◆ **What you will do**: Where the material below has a line containing "- حماية القدمين: أحذية", start repeating exactly, and keep going through the line containing "TO USE: Shake", with no other lines.

◆ **Supplied material**:
= Beginning of Section =

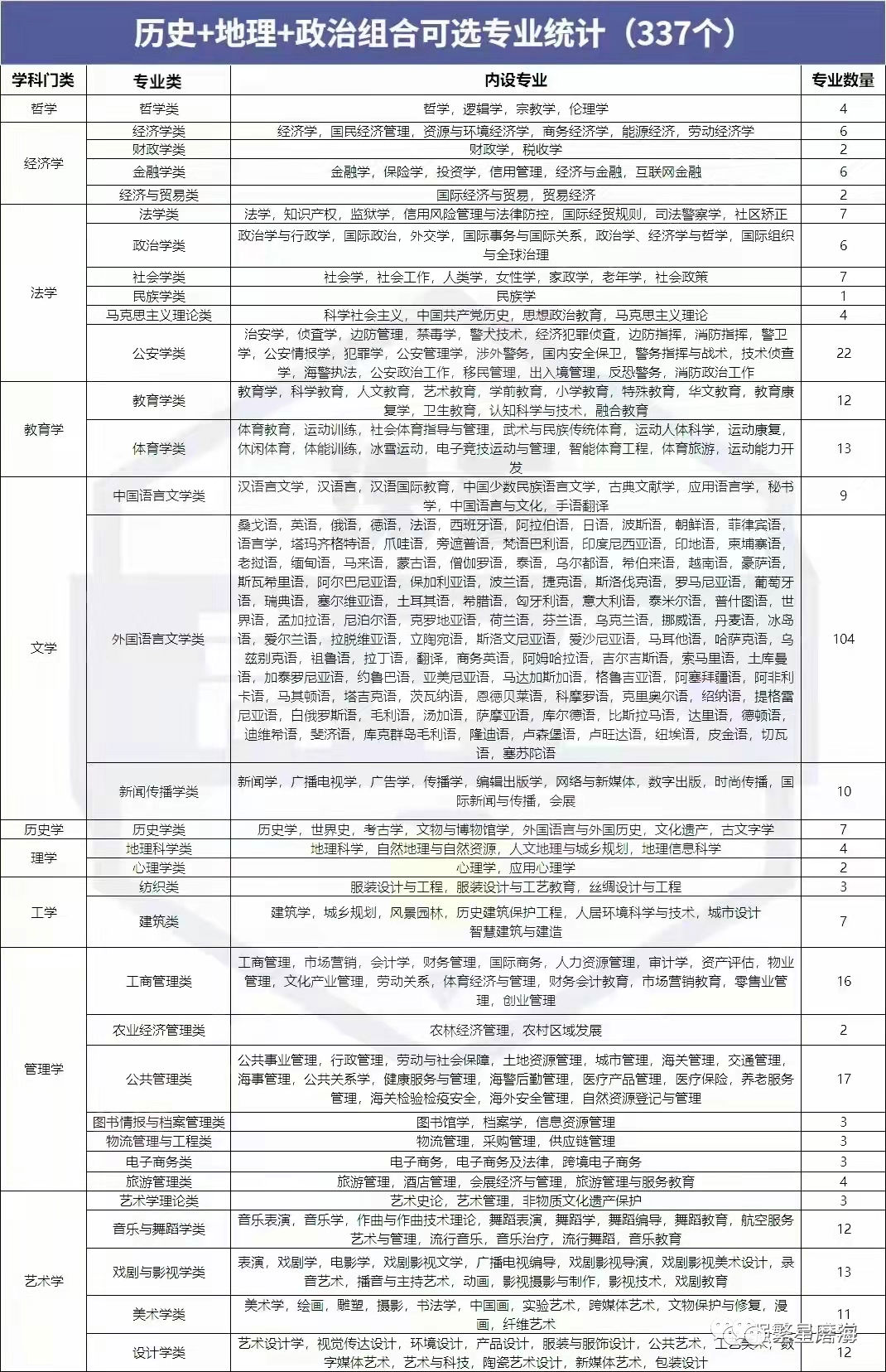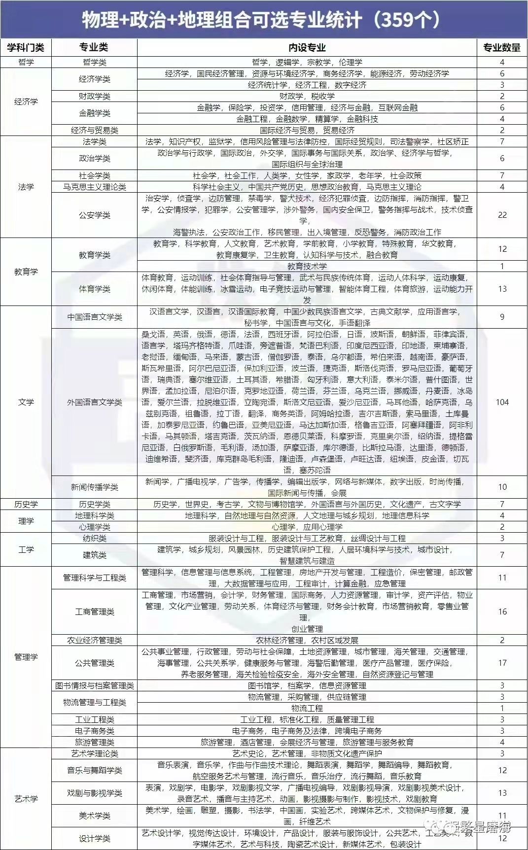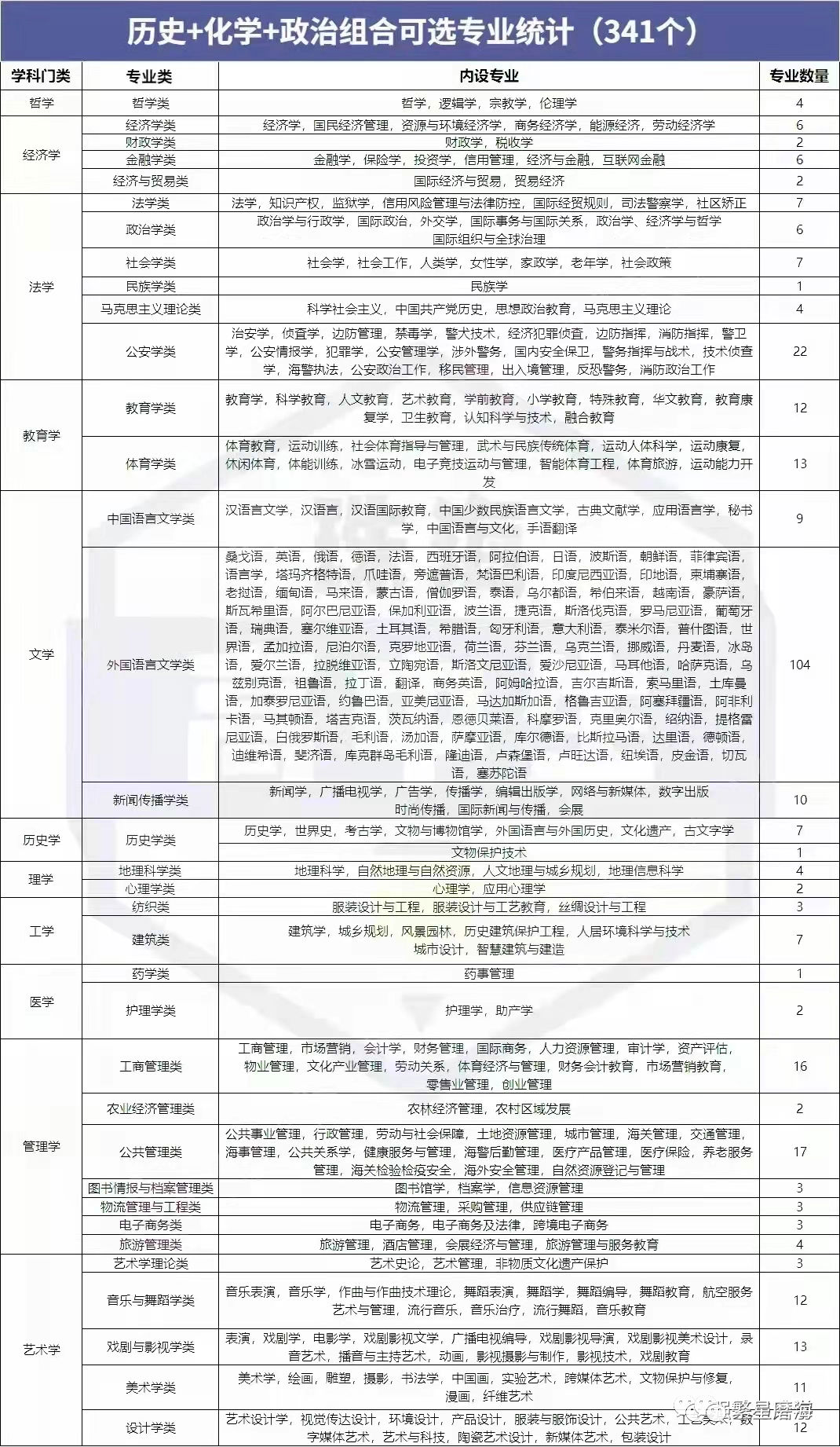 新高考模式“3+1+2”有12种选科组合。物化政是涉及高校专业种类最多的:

= End of Section =
= Beginning of Section =

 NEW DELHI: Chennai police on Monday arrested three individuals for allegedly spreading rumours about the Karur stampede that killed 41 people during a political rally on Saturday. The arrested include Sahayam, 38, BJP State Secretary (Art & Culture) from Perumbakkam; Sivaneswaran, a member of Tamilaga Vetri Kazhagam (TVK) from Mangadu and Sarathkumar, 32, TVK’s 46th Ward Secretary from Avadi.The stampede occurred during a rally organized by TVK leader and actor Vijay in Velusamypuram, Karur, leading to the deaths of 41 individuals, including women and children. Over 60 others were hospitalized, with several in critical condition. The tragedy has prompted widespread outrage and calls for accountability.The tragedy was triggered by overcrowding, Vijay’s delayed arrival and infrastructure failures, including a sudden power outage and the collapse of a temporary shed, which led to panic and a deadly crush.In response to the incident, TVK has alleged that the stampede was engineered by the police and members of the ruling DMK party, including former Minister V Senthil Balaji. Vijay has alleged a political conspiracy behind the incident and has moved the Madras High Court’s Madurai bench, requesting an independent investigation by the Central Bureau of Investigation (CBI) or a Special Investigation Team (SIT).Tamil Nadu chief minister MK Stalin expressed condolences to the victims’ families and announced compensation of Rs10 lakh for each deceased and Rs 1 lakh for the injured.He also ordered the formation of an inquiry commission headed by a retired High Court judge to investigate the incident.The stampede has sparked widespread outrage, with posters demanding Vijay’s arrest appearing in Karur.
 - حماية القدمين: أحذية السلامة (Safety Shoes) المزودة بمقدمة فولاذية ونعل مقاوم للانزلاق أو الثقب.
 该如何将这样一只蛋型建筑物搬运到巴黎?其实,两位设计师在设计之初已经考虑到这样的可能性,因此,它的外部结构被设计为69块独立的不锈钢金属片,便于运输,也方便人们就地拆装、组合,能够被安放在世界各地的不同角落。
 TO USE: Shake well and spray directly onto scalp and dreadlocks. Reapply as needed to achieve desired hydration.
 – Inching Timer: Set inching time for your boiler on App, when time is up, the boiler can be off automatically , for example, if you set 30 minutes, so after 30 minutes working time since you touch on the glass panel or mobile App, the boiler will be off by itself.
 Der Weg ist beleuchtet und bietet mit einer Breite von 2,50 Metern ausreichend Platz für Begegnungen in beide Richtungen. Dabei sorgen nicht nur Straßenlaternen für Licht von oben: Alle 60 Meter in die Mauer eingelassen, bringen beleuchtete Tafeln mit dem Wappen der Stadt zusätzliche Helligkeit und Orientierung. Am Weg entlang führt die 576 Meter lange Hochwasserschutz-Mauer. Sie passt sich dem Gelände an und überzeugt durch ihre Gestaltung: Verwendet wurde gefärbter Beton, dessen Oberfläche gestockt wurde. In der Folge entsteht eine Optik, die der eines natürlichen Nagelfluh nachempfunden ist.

= End of Section =
= Beginning of Section =

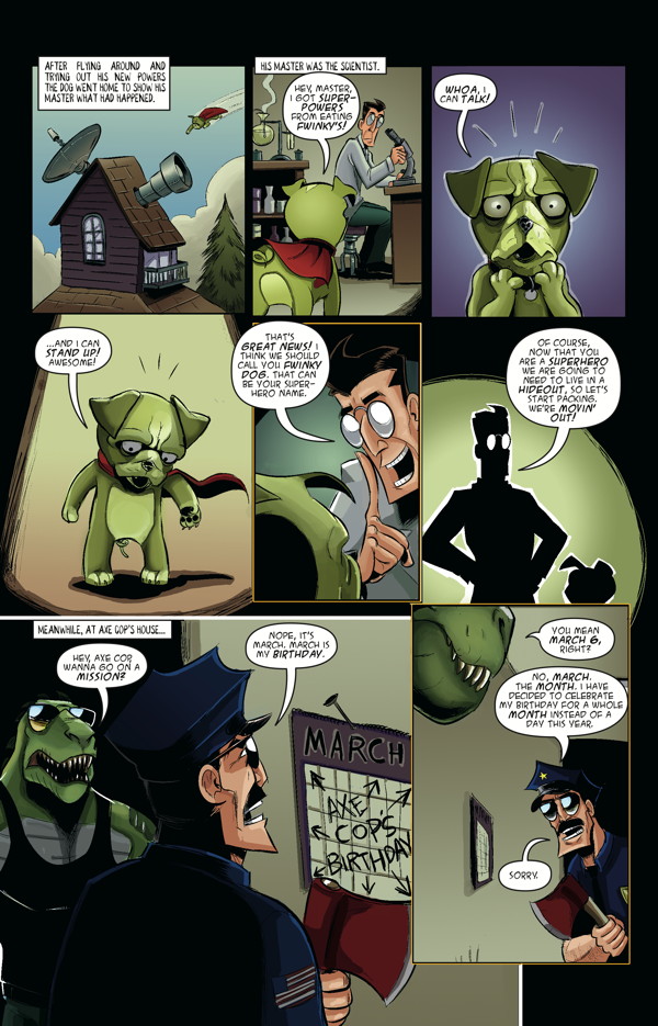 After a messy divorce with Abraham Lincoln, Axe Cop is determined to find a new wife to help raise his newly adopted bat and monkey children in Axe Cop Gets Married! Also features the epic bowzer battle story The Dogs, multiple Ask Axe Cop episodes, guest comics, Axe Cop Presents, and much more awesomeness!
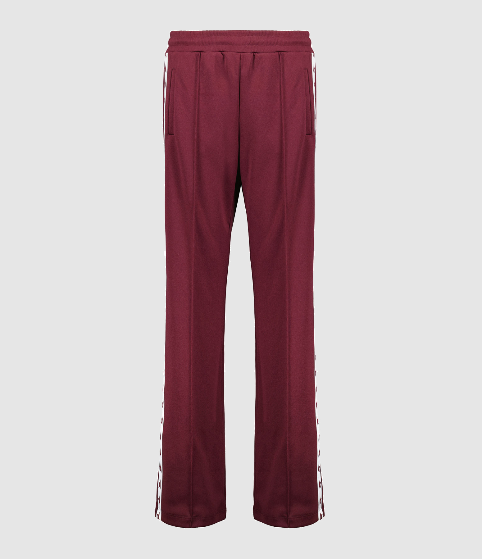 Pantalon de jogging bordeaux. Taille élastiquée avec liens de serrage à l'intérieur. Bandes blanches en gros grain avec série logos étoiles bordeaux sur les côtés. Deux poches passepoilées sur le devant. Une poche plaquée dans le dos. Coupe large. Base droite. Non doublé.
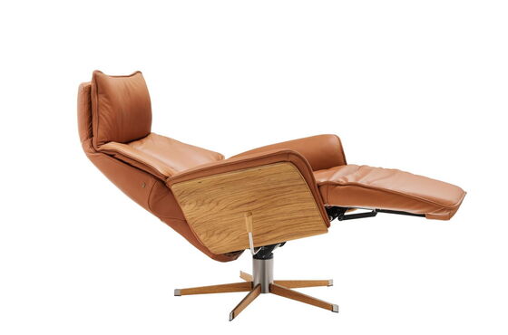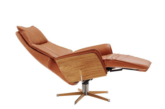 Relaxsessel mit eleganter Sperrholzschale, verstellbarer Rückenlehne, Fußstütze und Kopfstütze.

= End of Section =

◆ **Result for this task**:
 - حماية القدمين: أحذية السلامة (Safety Shoes) المزودة بمقدمة فولاذية ونعل مقاوم للانزلاق أو الثقب.
 该如何将这样一只蛋型建筑物搬运到巴黎?其实,两位设计师在设计之初已经考虑到这样的可能性,因此,它的外部结构被设计为69块独立的不锈钢金属片,便于运输,也方便人们就地拆装、组合,能够被安放在世界各地的不同角落。
 TO USE: Shake well and spray directly onto scalp and dreadlocks. Reapply as needed to achieve desired hydration.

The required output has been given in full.